A blocks file is specified by (-b) on the htmlflow command line:
-b block-file-name

For example: A blocks file:

HEAD1
                left.htm
                right.htm
                home.htm
FOOT1
                left.htm
                next.htm
                home.htm
                mailto:webmaster@mysys.com

Default index.html file:
When a local url specifies just a directory, the 'default index file' is used as the name of the HTML file to be processed.
The built-in value is 'index.html', it can be changed using (-i), for example:
-i home.htm

Output files:
Structure tree report: -r[h] report-filename (-r for text or -rh for html)
The structure tree consists of three sections: Structure chart, Module index and block definitions, if any blocks. Each module is listed with all hyper references shown with nesting show on the first reference to each module. When the report is generated as html, the module references are linked to each module's details and the links which are the contents of each module are active links to the real contents.
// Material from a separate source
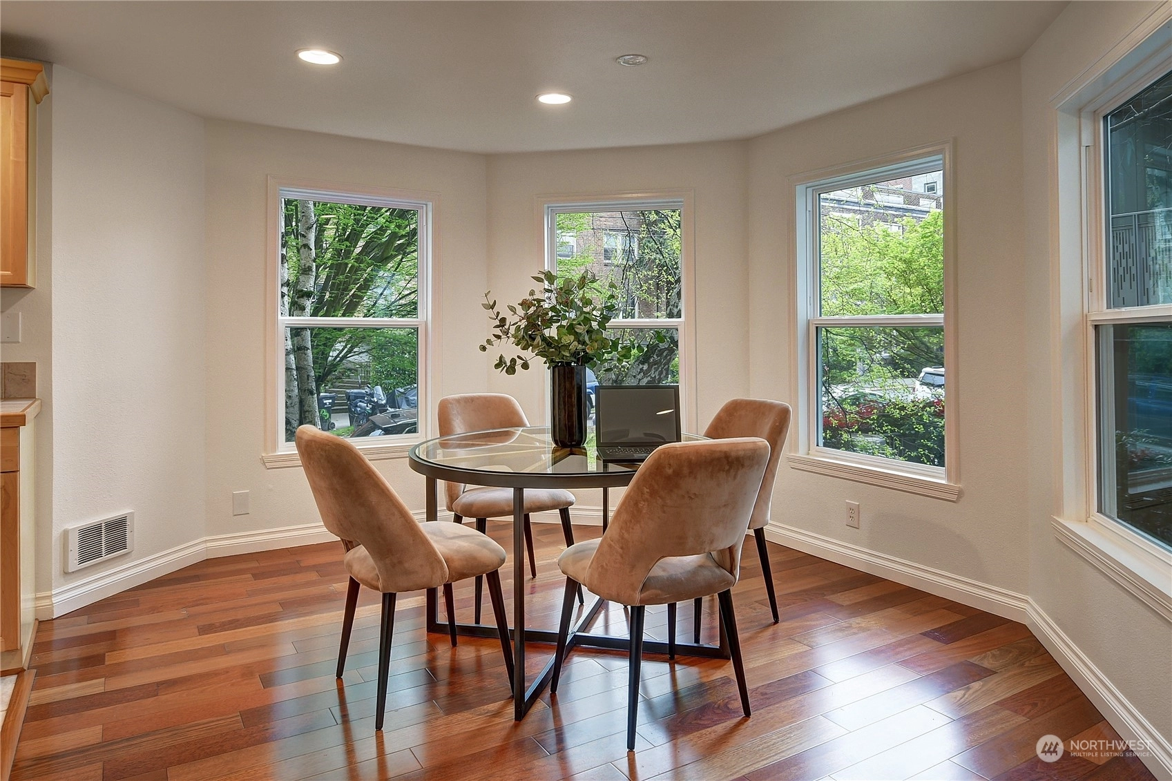 Perfect retreat on Capitol Hill close to everything the city offers. 1 block from Top Pot for morning coffee/doughnuts or dinner and drinks at Single Shot. 4 blocks to Broadway and a short walk to the light rail station. This condo has been thoroughly updated and well maintained. Open concept allows a large kitchen which flows to your dining with bay windows and the living room opening to a covered deck. Enjoy curling up by the fireplace on cold winter nights. Down the hall is the full Bath with jetted soaking tub and heated tile floors next to the bedroom. This space was made for entertaining. Hardwood, tile floors, no carpet. Freshly painted, new water heater, new up/down blinds. 1 dedicated off street parking spot and storage locker.

The module index is an alphabetical listing of all modules and their line number in the structure tree, on the html version, these are hot links.

List of all URL references: -a list-filename
        Specify a real directory: -d dir
        Specify a local directory for unspecified files: -l dir
        List of all errors: -e list-filename
        List of all files referenced: -f list-filename
        List of all missing files: -m list-filename
                The missing file list has no directory path, this
can be used to locate URLs with the correct filename but the
wrong path.
List of all external references: -X list-filename This list can be used to check for invalid external URLs more efficiently.

Report file sizes:
BIG !! - this program is really designed to be used locally on a server or on a set of local test files. For example, a structure tree for a web site with 240 files is 250K. This only takes a few seconds to load on a directly connected system but quite a few over a slow link.